We finally managed to get separate rooms at a hotel. Throughout the trip, we just snuck into hotel rooms in whichever town we ended the day in, memory charming anyone who came across us and wondered what we were doing there. But that also meant the sleeping arrangements were always nice and cozy. Two people in a bed and one on a couch. Two people in one bed and the third in the second. You wouldn’t believe how quickly we became accustomed to sleeping together in one bed: me and Ron, me and Harry, even Ron and Harry.
Again with the absent warning bells.
But this night we found two rooms next to each other with one of those internal doors. So for the first time in months we had a bit more space. The boys chivalrously decided to take the room with the two single beds while giving me the other, with the queen size bed all to myself. Now that was luxury!

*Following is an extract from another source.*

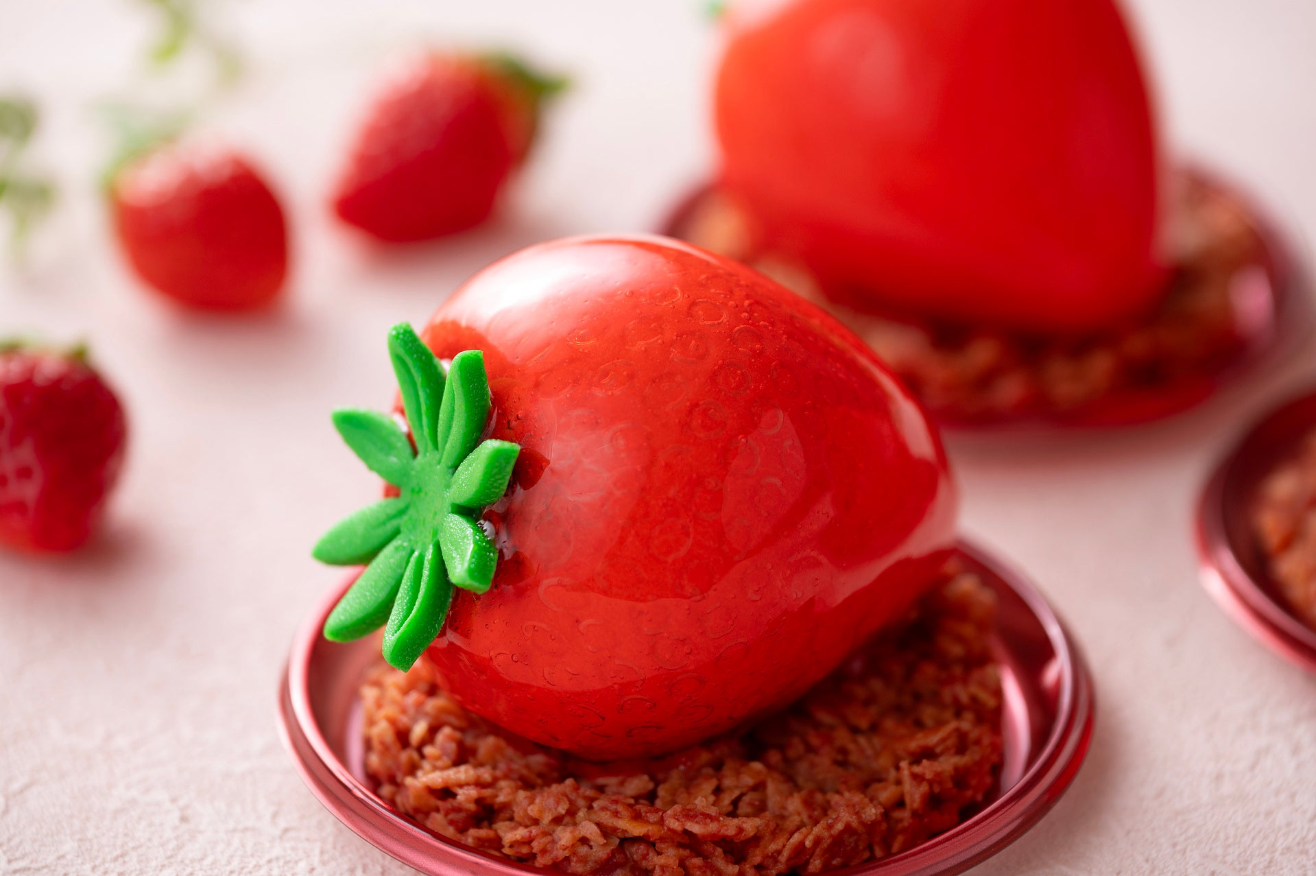 苺レアチーズの中にはピスタチオのムースを閉じ込め、ボトムは苺のクランチショコラ。キュンと心ときめく 苺好きのための苺の形のケーキです。

After eating dinner and watching some TV in the boys room, we bade each other goodnight. An hour later, I heard the door between our rooms creak open. Then I felt a weight beside me and a warm body touching mine. I smiled and kissed Ron passionately.
That was our first time together. I’m not gonna lie – it wasn’t perfect. It was kinda awkward and clumsy, but it was also beautiful and special and intense and held the promise of many more nights together. We were so happy.
That happiness was shattered less than a week later. We got word that Ginny had been attacked and was deathly ill. We all wanted to go and see her but the truth was that what we were doing was more important. Harry and I talked about it and agreed. Ron should go and be with his sister while we carried on.
The three of us sat down and talked about it rationally. Ron was reluctant to leave us but we knew how worried he was about Ginny and how much he wanted to see her. In the end he agreed, saying he would go and spend a few days with her and then come back to us.
Saying goodbye was a surreal experience. It was only for a few days, after all. Then why was the idea of the three of us not being together breaking my heart? I hugged Ron fiercely, kissing his cheek. Then I watched as Ron and Harry hugged each other, having a quick, whispered conversation.
They released each other and with a grim smile, Ron apparated away. Harry came to my side and took my hand in his, squeezing my fingers reassuringly. "Come on," he said. "Let’s go."
*
And so our work continued. After a few days, Ron owled us and said Ginny was showing no improvement and he couldn’t leave her. We immediately owled back and told him to take as long as he needed.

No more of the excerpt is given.